> [Exercise aim]: The answer must be only the lines below from the one holding "대부분 매수자의 우려는, '향후" down to the one holding "전 비밀번호는 따로 설정안해서", ends included, printed exactly; please omit all pictures.

> [Given entries]:
######

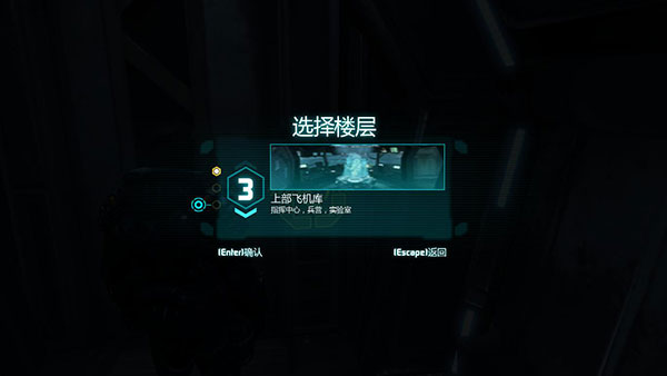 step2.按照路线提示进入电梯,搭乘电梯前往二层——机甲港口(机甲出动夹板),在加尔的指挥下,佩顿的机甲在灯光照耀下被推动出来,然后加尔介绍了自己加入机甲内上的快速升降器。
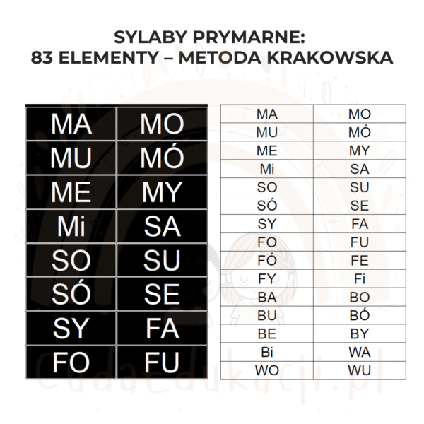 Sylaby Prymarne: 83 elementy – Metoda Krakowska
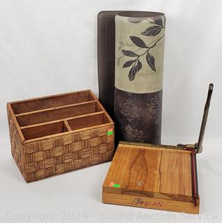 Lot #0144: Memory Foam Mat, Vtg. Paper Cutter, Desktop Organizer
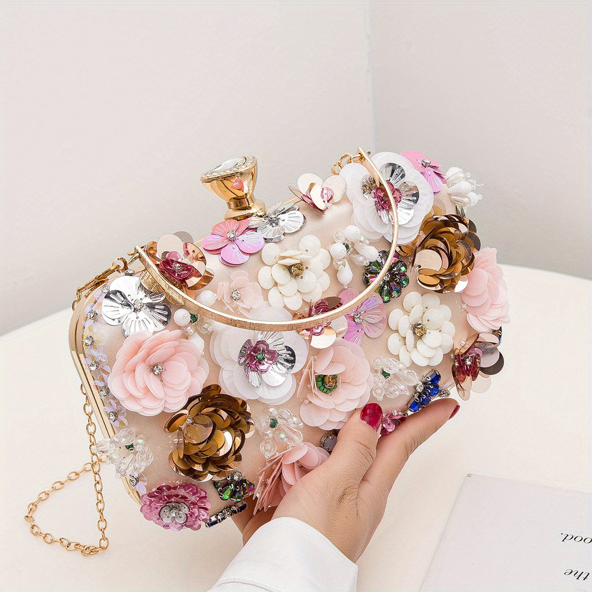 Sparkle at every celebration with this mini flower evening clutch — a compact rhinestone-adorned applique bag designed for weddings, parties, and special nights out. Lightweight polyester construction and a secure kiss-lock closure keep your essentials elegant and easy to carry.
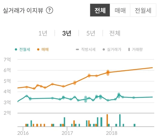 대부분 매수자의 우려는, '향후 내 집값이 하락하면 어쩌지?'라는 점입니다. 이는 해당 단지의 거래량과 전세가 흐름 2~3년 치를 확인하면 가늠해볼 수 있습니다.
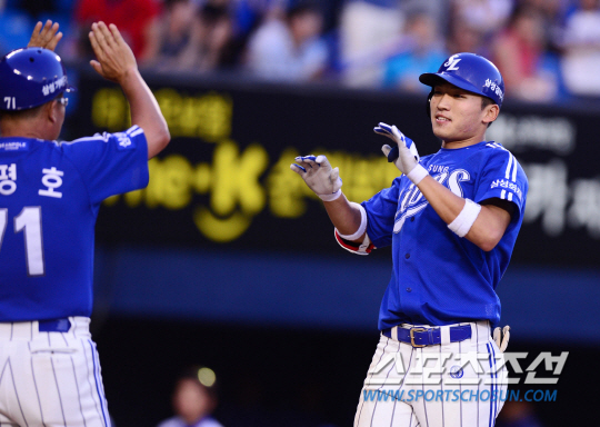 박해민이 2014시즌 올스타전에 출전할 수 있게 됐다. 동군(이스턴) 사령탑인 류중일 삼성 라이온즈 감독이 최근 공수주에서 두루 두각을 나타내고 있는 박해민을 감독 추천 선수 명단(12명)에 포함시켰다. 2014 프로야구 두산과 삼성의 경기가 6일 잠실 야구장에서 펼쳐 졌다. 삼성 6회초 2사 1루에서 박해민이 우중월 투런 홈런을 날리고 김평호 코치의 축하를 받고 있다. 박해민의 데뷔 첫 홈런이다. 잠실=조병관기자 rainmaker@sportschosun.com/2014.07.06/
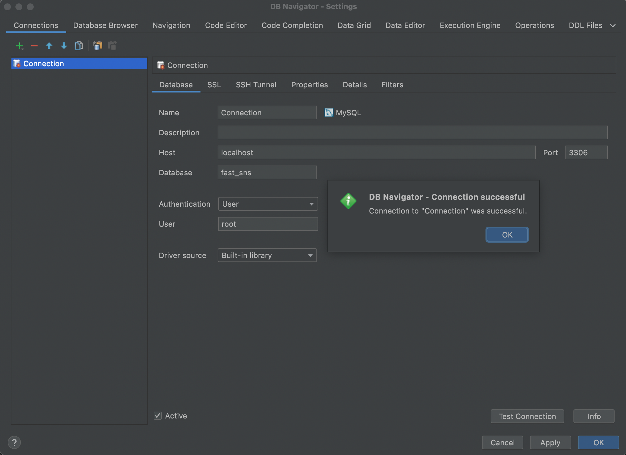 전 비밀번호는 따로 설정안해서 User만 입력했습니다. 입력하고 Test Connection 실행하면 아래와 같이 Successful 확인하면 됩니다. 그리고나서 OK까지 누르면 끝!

######

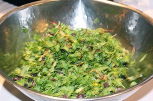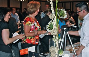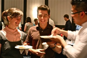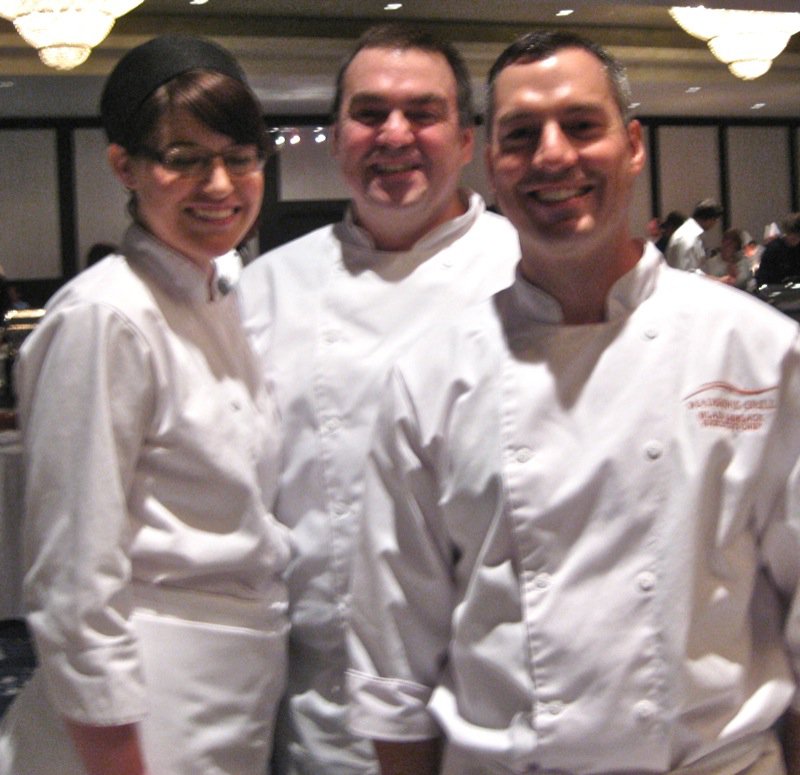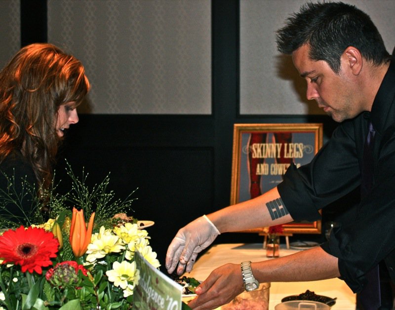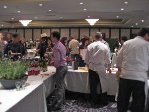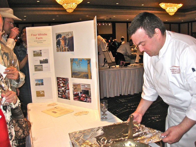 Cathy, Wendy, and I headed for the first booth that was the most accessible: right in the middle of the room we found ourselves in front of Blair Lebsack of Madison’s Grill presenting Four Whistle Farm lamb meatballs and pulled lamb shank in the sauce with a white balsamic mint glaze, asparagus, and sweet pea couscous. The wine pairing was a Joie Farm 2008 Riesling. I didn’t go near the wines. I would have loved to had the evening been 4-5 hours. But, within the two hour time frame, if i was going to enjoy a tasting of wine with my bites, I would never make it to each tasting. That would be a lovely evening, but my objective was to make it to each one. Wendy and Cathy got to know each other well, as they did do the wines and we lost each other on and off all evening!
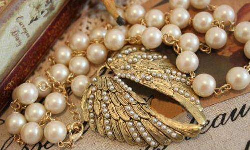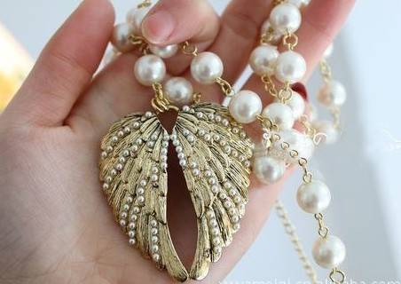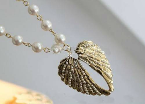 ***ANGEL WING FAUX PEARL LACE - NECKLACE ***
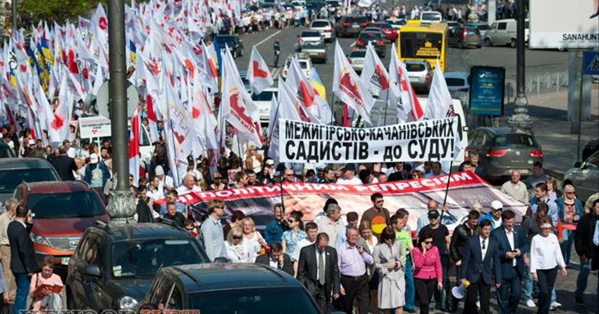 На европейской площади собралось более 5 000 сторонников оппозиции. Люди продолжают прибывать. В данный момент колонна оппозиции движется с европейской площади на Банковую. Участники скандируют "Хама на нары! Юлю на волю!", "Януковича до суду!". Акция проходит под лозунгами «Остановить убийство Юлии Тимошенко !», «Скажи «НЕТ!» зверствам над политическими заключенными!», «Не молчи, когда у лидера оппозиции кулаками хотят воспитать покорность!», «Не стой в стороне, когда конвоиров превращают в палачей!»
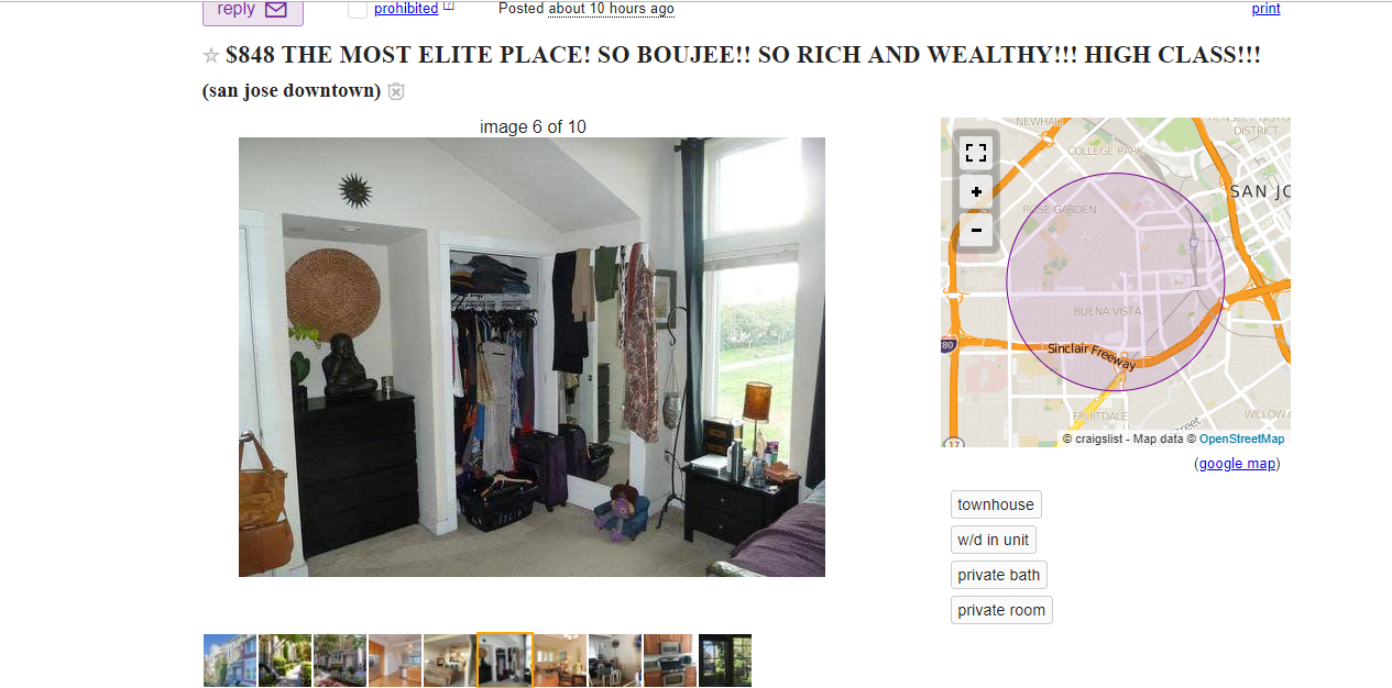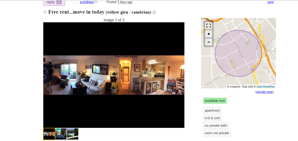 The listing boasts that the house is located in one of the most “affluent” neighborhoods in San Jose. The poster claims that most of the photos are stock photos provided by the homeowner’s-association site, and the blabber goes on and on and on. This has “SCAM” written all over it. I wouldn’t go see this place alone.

######

> [Response area]:
 대부분 매수자의 우려는, '향후 내 집값이 하락하면 어쩌지?'라는 점입니다. 이는 해당 단지의 거래량과 전세가 흐름 2~3년 치를 확인하면 가늠해볼 수 있습니다.
 박해민이 2014시즌 올스타전에 출전할 수 있게 됐다. 동군(이스턴) 사령탑인 류중일 삼성 라이온즈 감독이 최근 공수주에서 두루 두각을 나타내고 있는 박해민을 감독 추천 선수 명단(12명)에 포함시켰다. 2014 프로야구 두산과 삼성의 경기가 6일 잠실 야구장에서 펼쳐 졌다. 삼성 6회초 2사 1루에서 박해민이 우중월 투런 홈런을 날리고 김평호 코치의 축하를 받고 있다. 박해민의 데뷔 첫 홈런이다. 잠실=조병관기자 rainmaker@sportschosun.com/2014.07.06/
 전 비밀번호는 따로 설정안해서 User만 입력했습니다. 입력하고 Test Connection 실행하면 아래와 같이 Successful 확인하면 됩니다. 그리고나서 OK까지 누르면 끝!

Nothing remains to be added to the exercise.